Is it possible to prevent an epidemic? Prevention is in principle the most useful. However both cocaine and heroin use have started at post-high school age, well after individuals have been exposed to prevention programs. Moreover prevention has not yet proven successful at the population level.
Treatment only indirectly effects initiation rates, since it aims at current heavy users. Harm reduction does not target either initiation or prevalence. That leaves enforcement as the one tool for preventing the start of an epidemic. There is no evidence that enforcement can prevent formation of a new market.
Production and trafficking controls
Interventions aimed at production and trafficking can affects where drugs are produced or trafficked but have not been able to reduce global output. As a consequence, the well intended efforts of one country to control production can harm other countries; thus the intensive efforts at control of production by Peru may well have worsened Colombia's problems.
The same analysis applies within a country.

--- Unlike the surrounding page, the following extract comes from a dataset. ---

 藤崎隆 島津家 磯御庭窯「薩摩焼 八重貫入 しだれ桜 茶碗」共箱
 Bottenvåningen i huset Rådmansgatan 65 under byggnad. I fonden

Large sections of Afghanistan are under the control of the Taliban, for which the drug trade is an important source of revenue. A government crack-down on opium production may shift production to the Taliban-controlled areas and enhance its funding and political base.

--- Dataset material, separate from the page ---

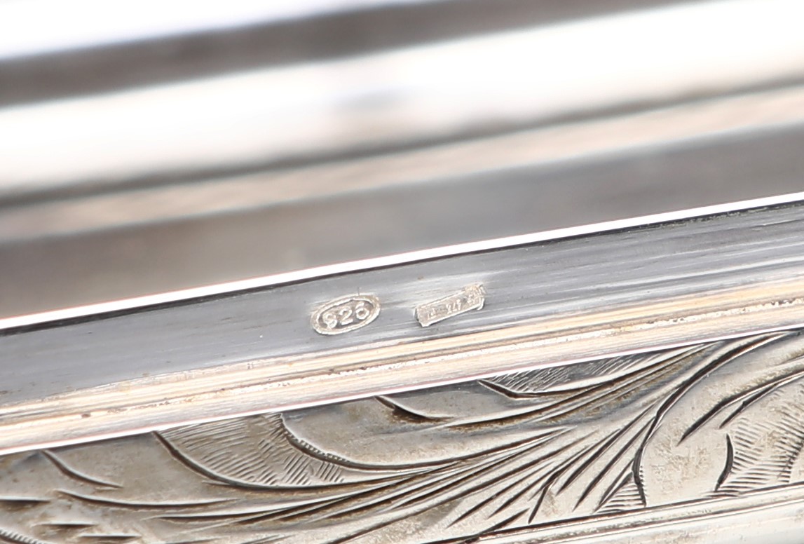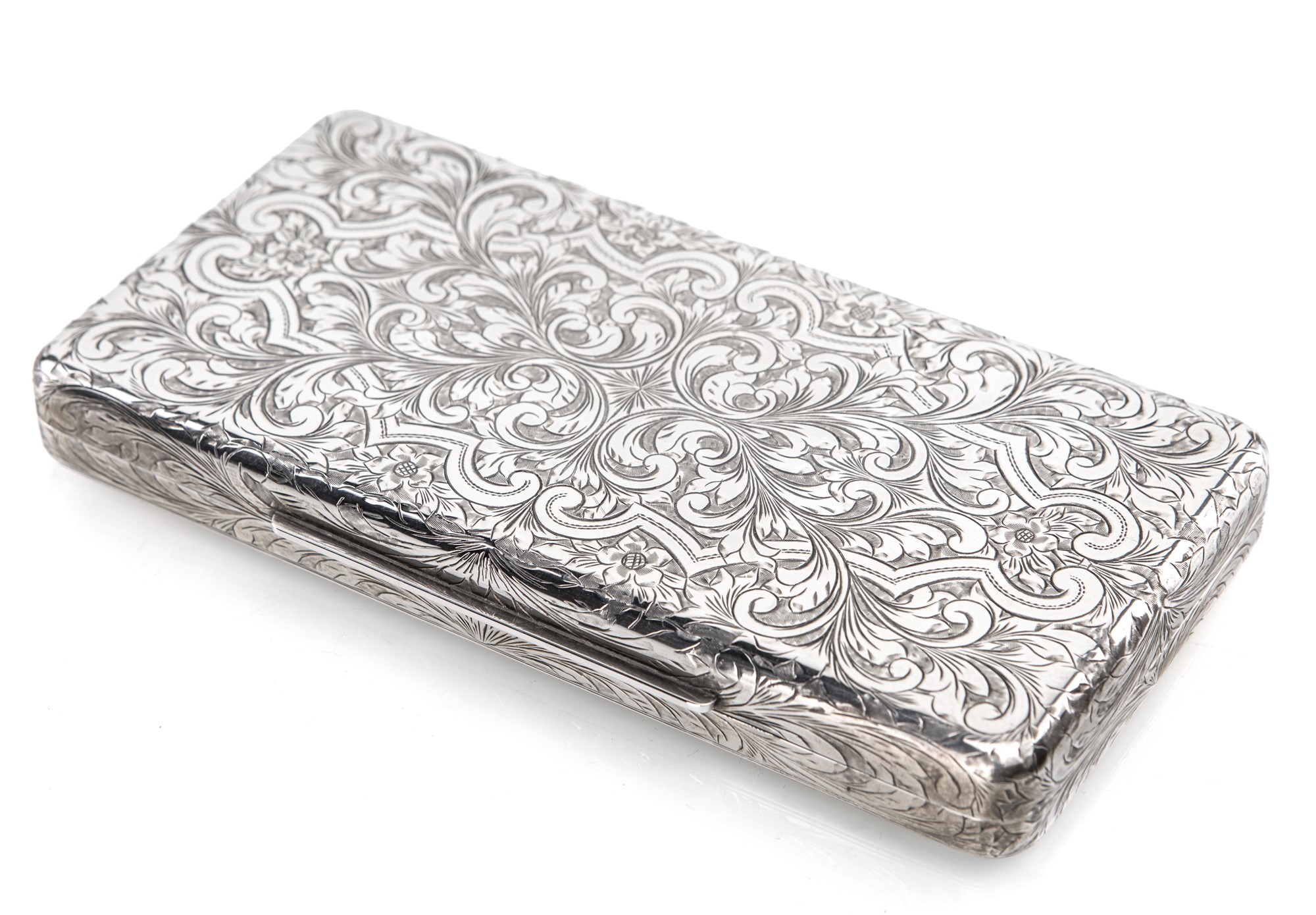 di forma rettangolare con coperchio incernierato ed angoli arrotondati, fitta decorazione a volute incise sull'intera superficie

A rare and controversial enforcement success is the Australian "heroin drought". In late 2000, Australian heroin markets experienced an abrupt and large reduction in drug availability. Seven years later the market remains depressed. Probably this resulted from operations by the Australian and Asian governments aimed at major importers but little is known about the intervention.

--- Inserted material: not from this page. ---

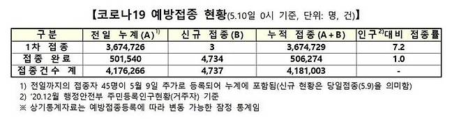 국내 누적 1차 접종자는 총 367만4천729명으로, 전체 인구(5천134만9천116명) 대비 7.2%입니다.

Could the higher enforcement against sellers account for the reduction in drug problems that has been observed in various countries? Tougher enforcement should reduce drug use by making drugs more expensive and/or less available. Retail prices have generally declined in Western countries, even those that intensified enforcement. There are no indications that the drugs have become more difficult to obtain.
We note again that this study aims to inform policy makers and not to provide recommendations.
The global drug problem clearly did not get better during the UNGASS period. For some countries (mostly rich ones) the problem declined but for others (mostly developing or transitional) it worsened, in some cases sharply and substantially. The pattern for drugs was also uneven. For example, the number of cannabis users may have declined but the sudden and substantial rise in cannabis treatment seeking suggests that consumption and harms may have gone up. On the other hand, for cocaine a roughly stable consumption was redistributed among more countries. In aggregate, given the limitations of the data, a fair judgment is that the problem became somewhat more severe.
Policy changes complicate policy assessment. We think that drug policy had no more than a marginal positive influence.
Production and trafficking controls only redistributed activities. Enforcement against local markets failed in most countries to prevent continued availability at lower price. Treatment reduced harms both of dependent users and of society without reducing the prevalence of drug use. Prevention efforts, though broad in many Western countries, were handicapped by the lack of programs of proven efficacy. Harm reduction diminished specific elements of the problem in some countries.
Enforcement of drug prohibitions has caused substantial unintended harms; many were predictable. The challenge for the next ten years will be to finwd a constructive way of building on these lessons so that the positive benefits of policy interventions are increased and the negative ones averted.